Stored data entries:

------------------------------------

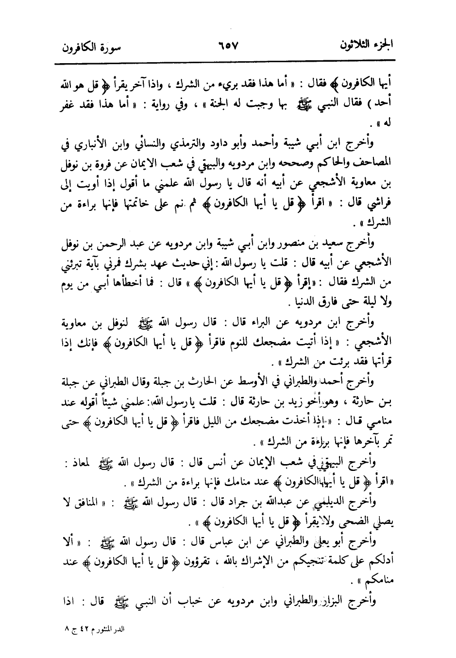 وَأخرج ابْن أبي شيبَة وَأحمد وَأَبُو دَاوُد وَالتِّرْمِذِيّ وَالنَّسَائِيّ وَابْن الْأَنْبَارِي فِي الْمَصَاحِف وَالْحَاكِم وَصَححهُ وَابْن مرْدَوَيْه وَالْبَيْهَقِيّ فِي شعب الإِيمان عَن فَرْوَة بن نَوْفَل بن مُعَاوِيَة الْأَشْجَعِيّ عَن أَبِيه أَنه قَالَ يَا رَسُول الله عَلمنِي مَا أَقُول إِذا أويت إِلَى فِرَاشِي قَالَ: اقْرَأ {قل يَا أَيهَا الْكَافِرُونَ} ثمَّ نم على خاتمتها فَإِنَّهَا بَرَاءَة من الشّرك
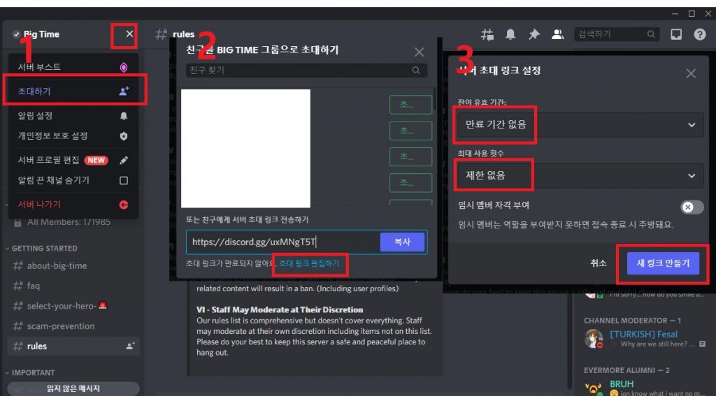 디스코드 초대 링크 생성, 채널 입장 하는 방법(초대 이벤트 참가방법)
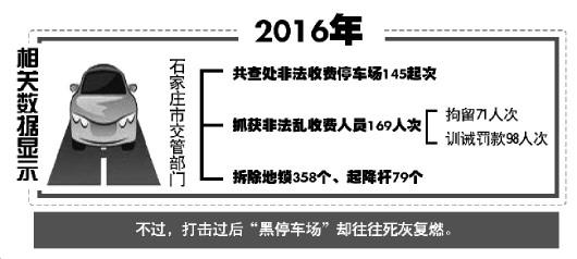 對(duì)于群眾深惡痛絕的黑停車場(chǎng),石家莊市交警部門一直沒有停止打擊。相關(guān)數(shù)據(jù)顯示,2016年,石家莊市交管部門共查處非法收費(fèi)停車場(chǎng)145起次;抓獲非法亂收費(fèi)人員169人次,其中拘留71人次、訓(xùn)誡罰款98人次;拆除地鎖358個(gè)、起降桿79個(gè)。不過,打擊過后黑停車場(chǎng)卻往往死灰復(fù)燃。
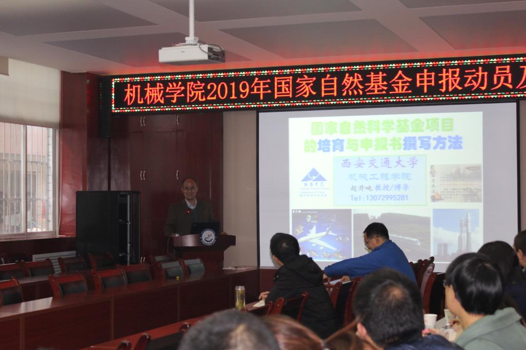 为提升学院国家自然科学基金的申请质量,有序推进2019年度基金申请工作,11月9日下午,3003新葡官方网站召开2019年国家自然科学基金申报动员会,并特邀国务院政府特殊津贴获得者、西安交通大学博士生导师、全国首届优秀百篇博士论文获得者赵升吨教授来校做了题为《国家基金项目培育与申报书撰写技巧》辅导讲座。80余名师生聆听了讲座,会议由副院长寇发荣主持。
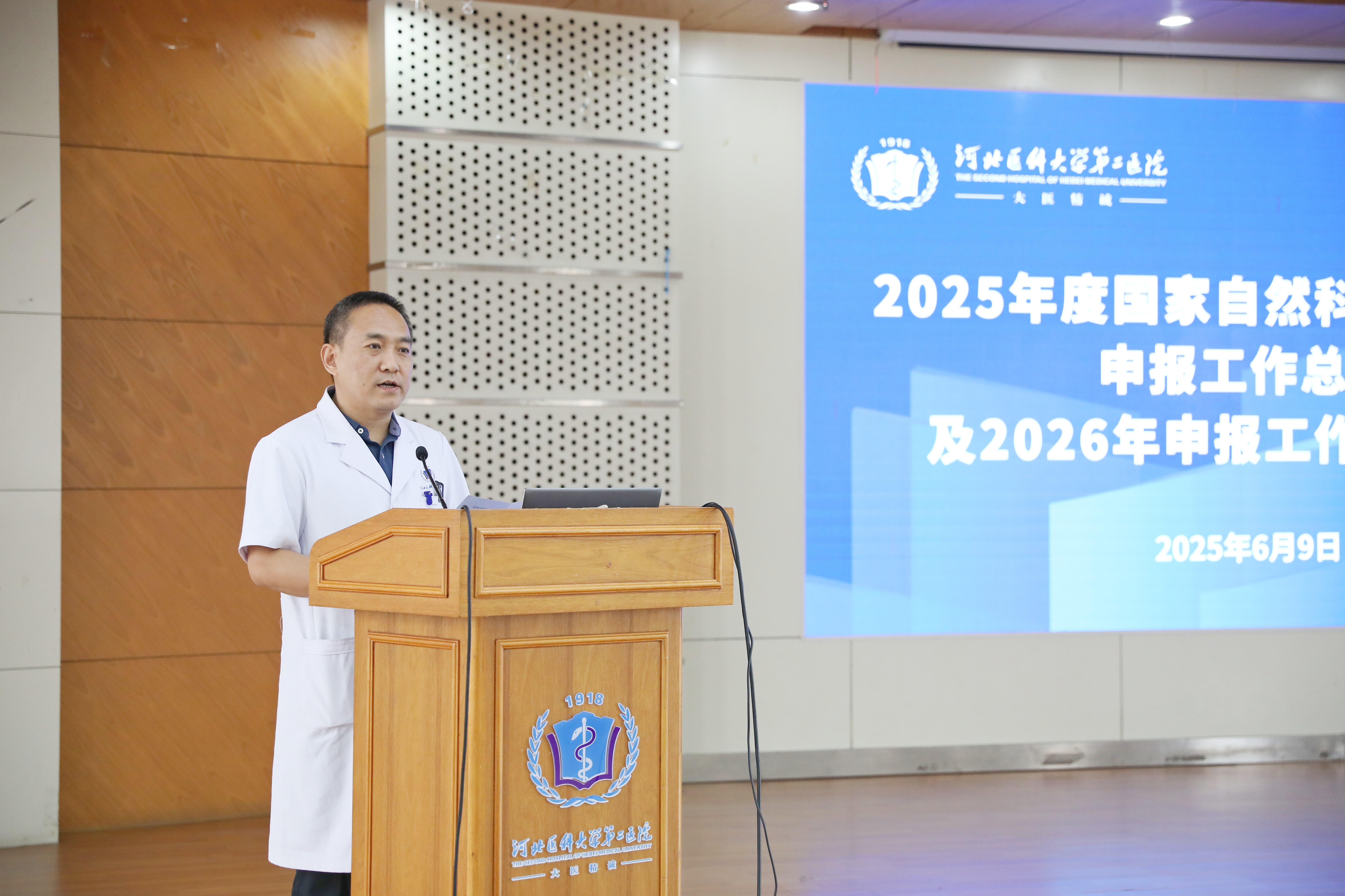 6月9日,我院召开2025年度国家自然科学基金项目申报工作总结及2026年度申报工作动员部署会,全体临床医技科室主任、博士生导师、40岁以下青年博士、国自然青年基金项目负责人、预申报国自然人员和专职科研人员参加会议。

------------------------------------

__Problem requirements__:
Transcribe the entries from their first line to the line that holds "디스코드 초대 링크 생성, 채널 입장 하는 방법(초대 이벤트 참가방법)", both included, and skip every picture.

__Worked solution__:
 وَأخرج ابْن أبي شيبَة وَأحمد وَأَبُو دَاوُد وَالتِّرْمِذِيّ وَالنَّسَائِيّ وَابْن الْأَنْبَارِي فِي الْمَصَاحِف وَالْحَاكِم وَصَححهُ وَابْن مرْدَوَيْه وَالْبَيْهَقِيّ فِي شعب الإِيمان عَن فَرْوَة بن نَوْفَل بن مُعَاوِيَة الْأَشْجَعِيّ عَن أَبِيه أَنه قَالَ يَا رَسُول الله عَلمنِي مَا أَقُول إِذا أويت إِلَى فِرَاشِي قَالَ: اقْرَأ {قل يَا أَيهَا الْكَافِرُونَ} ثمَّ نم على خاتمتها فَإِنَّهَا بَرَاءَة من الشّرك
 디스코드 초대 링크 생성, 채널 입장 하는 방법(초대 이벤트 참가방법)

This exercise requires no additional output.